“Enormous,” gushed Burberry’s chief creative officer Christopher Bailey about trade opportunities post Brexit in an interview with the BBC’s Today Programme. “It’s much smaller world than it’s ever been!
“The possibilities and the potential for growth both local here in the UK and overseas is enormous.”
Mercy me, Brexit has a Luke Skywalker!
Trust Tim Martin to be out and about representing the dark side of the (Brexit) force: “It is my view that the main risk from the current Brexit negotiations is not to Wetherspoon, but to our excellent EU suppliers – and to EU economies,” he opined, displaying the dangerous arrogance common to hardcore Brexiteers in one of his patented rants that usually accompany his pub chain’s results.

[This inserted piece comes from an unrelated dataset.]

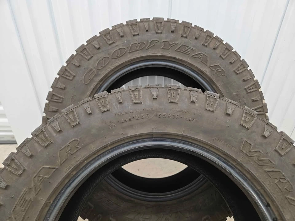Two Goodyear Wrangler Duratrac tires, size 265/65R18. They are in great condition with full treads. A good option if you need a pair. Asking $275 for both.

“As a result of their current posturing and threats, EU negotiators are inevitably encouraging importers like Wetherspoon to look elsewhere for supplies. This process is unlikely to have adverse effects on the UK economy, as companies will be able to switch to suppliers representing the 93 per cent of the world’s population which is not in the EU, but this evolution will eventually be highly damaging to the economy of the EU.”
So get off my lawn Michel Barnier, Guy Verhofstadt, Jean Claude Juncker and the rest of yer, or else I’m gunna wave my stick acher.
The rhetoric and platitudes Mr Martin indulges in will come as scant comfort to those businesses, exporters for example, that do most of their trade with the EU, and are currently tearing their hair out (unlike Mr Martin I speak and listen to them). He ignores the fact that the EU represents by far the biggest market (by orders of magnitude) for their product.
He’s right on one point. It will hurt Europe if a successful settlement is not concluded. But it will hurt us, as the smaller party, much more.
But don’t listen to me. Oh no. You should just look to Brexit Luke’s sunny optimism! And outside, oh there’s the Easter Bunny frolicking. He’s got a pint in his hand too. Oh no! It’s European lager that he bought from Greene King. GET ME MY GUN.
If the poor old bunny can escape the buckshot, it should at least find plenty of apples to eat. The industry’s positively up in arms because it needs people to pick them, and that’s going to be a struggle given Theresa May’s reckless and stupid approach to post-Brexit immigration.
To export its product, the UK apple industry needs to be able to import staff. Mr Martin might be able find a way around any troubles getting his hands on people by, I don’t know, introducing honesty bars? The might be fun.
But that’s not an option open to apple farmers. If they can’t get people to pick ‘em their product won’t get picked. It’ll end up falling to the ground for rabbits, wasps and other creatures.
As for importers like Mr Martin getting what he needs from outside the EU? Sure, he could try that. But the problem is, hard Brexit, the one favoured by the aforementioned Ms May, is going to cause delays for all importers, regardless of where they import from.
John Thompson, boss of the HMRC, has to deal with the reality of that. He can’t afford to waste time listening to Brexit Luke’s sweet nothings. Time is what he doesn’t have.
Business picture of the day
He told the Treasury Committee that a new customs arrangement with Europe will cost £800m and take seven years to implement. And he doesn’t have the money. Apparently there are people thinking about this in Government. Good to know!
But nothing is going to change the fact that it will be a mega project and that all imports while be affected along the way. “I need to be transparent with you,” he said. Yes he does.
This is the reality, he might have added, one that all of us are soon going to have to confront, including Brexiteers, regardless of whether they side with Luke, or Darth.